§ EXERCISE GOAL:
Among the entries below, only the lines starting at the one with "Este diseño deportivo, atlético, presenta" and ending at the one with "The hotel itself", both included, are to be printed exactly.

§ GIVEN INFORMATION:
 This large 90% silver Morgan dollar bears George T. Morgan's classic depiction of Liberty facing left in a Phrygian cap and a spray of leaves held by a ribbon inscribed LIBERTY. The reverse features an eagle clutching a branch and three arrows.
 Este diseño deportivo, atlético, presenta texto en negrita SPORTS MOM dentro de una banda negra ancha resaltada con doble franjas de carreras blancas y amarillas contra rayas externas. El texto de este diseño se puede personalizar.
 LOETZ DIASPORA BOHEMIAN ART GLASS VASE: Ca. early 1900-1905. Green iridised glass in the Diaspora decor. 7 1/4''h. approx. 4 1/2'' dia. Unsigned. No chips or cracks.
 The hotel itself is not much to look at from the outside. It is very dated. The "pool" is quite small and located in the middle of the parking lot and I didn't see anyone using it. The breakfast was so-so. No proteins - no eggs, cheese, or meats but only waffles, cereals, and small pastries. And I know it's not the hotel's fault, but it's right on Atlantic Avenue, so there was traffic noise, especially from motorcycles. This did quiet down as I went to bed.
==
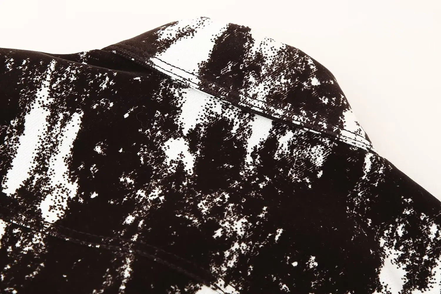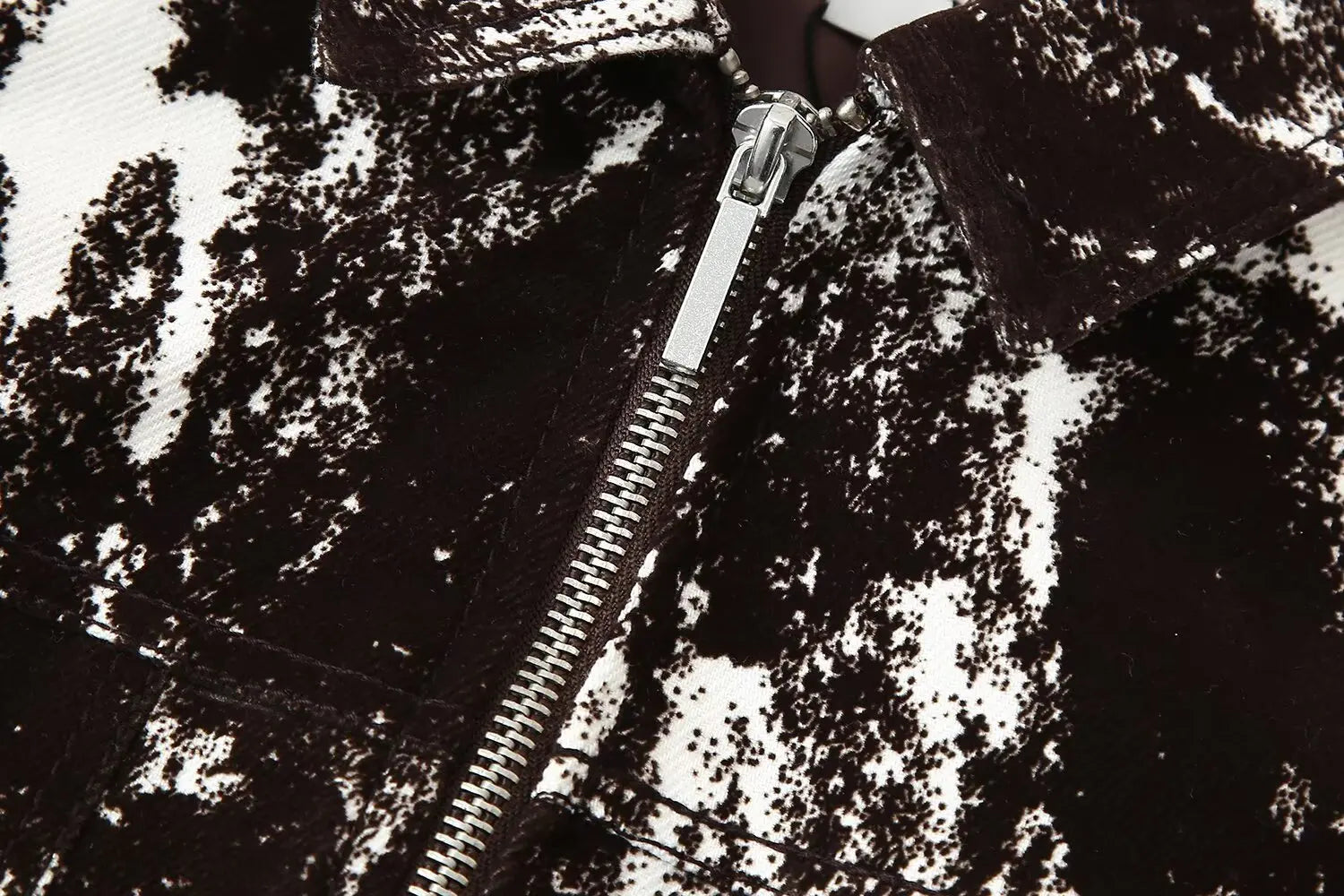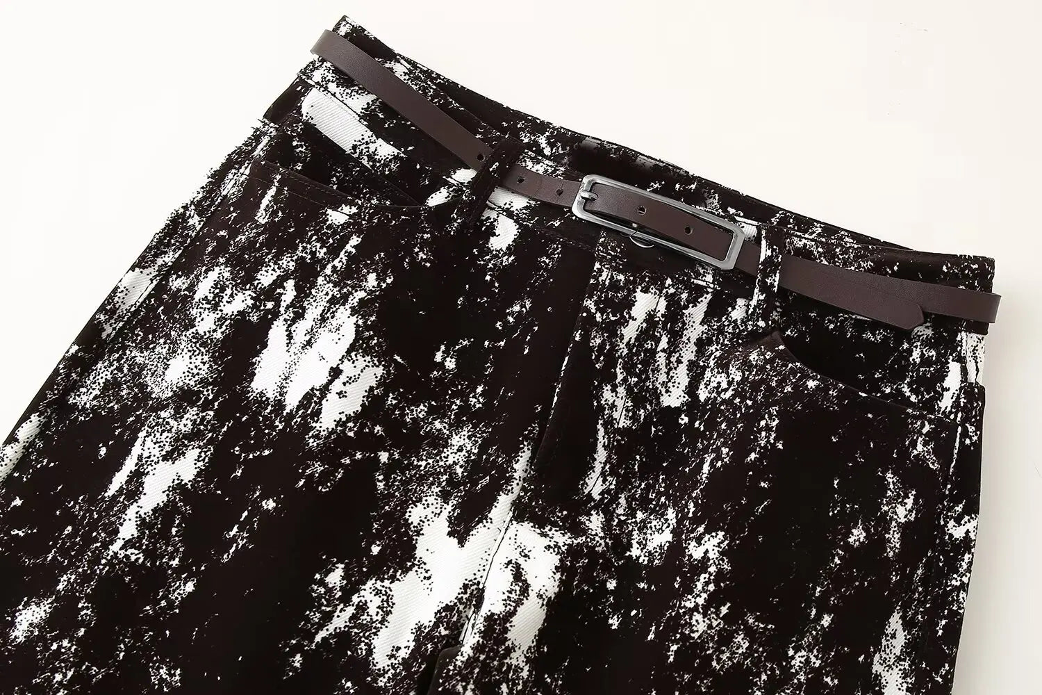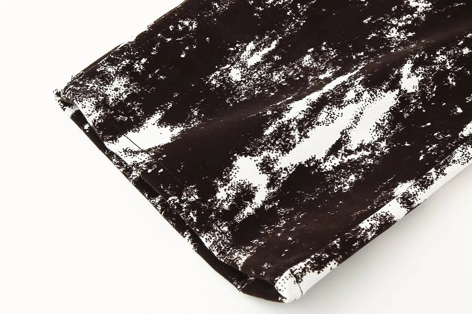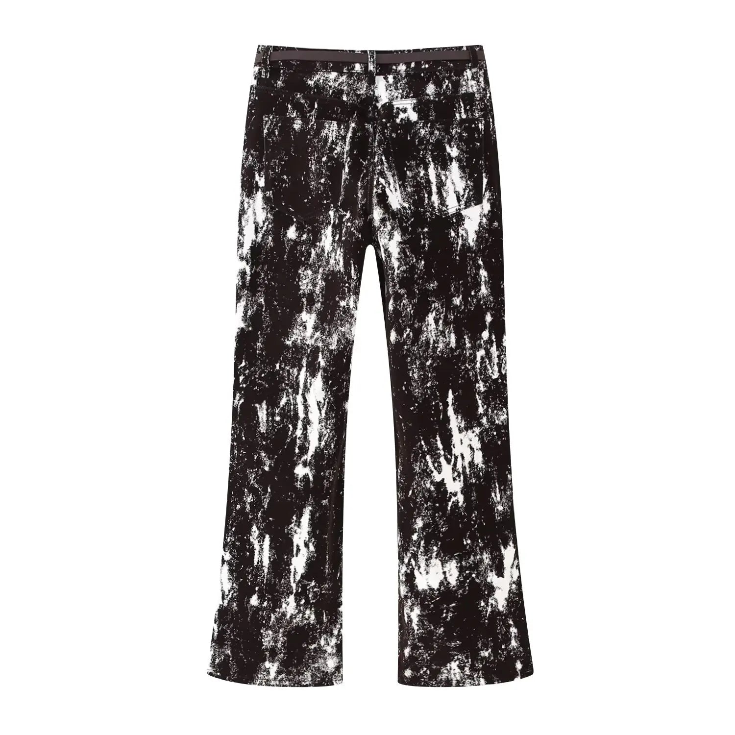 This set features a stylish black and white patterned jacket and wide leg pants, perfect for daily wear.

§ SOLUTION BELOW:
 Este diseño deportivo, atlético, presenta texto en negrita SPORTS MOM dentro de una banda negra ancha resaltada con doble franjas de carreras blancas y amarillas contra rayas externas. El texto de este diseño se puede personalizar.
 LOETZ DIASPORA BOHEMIAN ART GLASS VASE: Ca. early 1900-1905. Green iridised glass in the Diaspora decor. 7 1/4''h. approx. 4 1/2'' dia. Unsigned. No chips or cracks.
 The hotel itself is not much to look at from the outside. It is very dated. The "pool" is quite small and located in the middle of the parking lot and I didn't see anyone using it. The breakfast was so-so. No proteins - no eggs, cheese, or meats but only waffles, cereals, and small pastries. And I know it's not the hotel's fault, but it's right on Atlantic Avenue, so there was traffic noise, especially from motorcycles. This did quiet down as I went to bed.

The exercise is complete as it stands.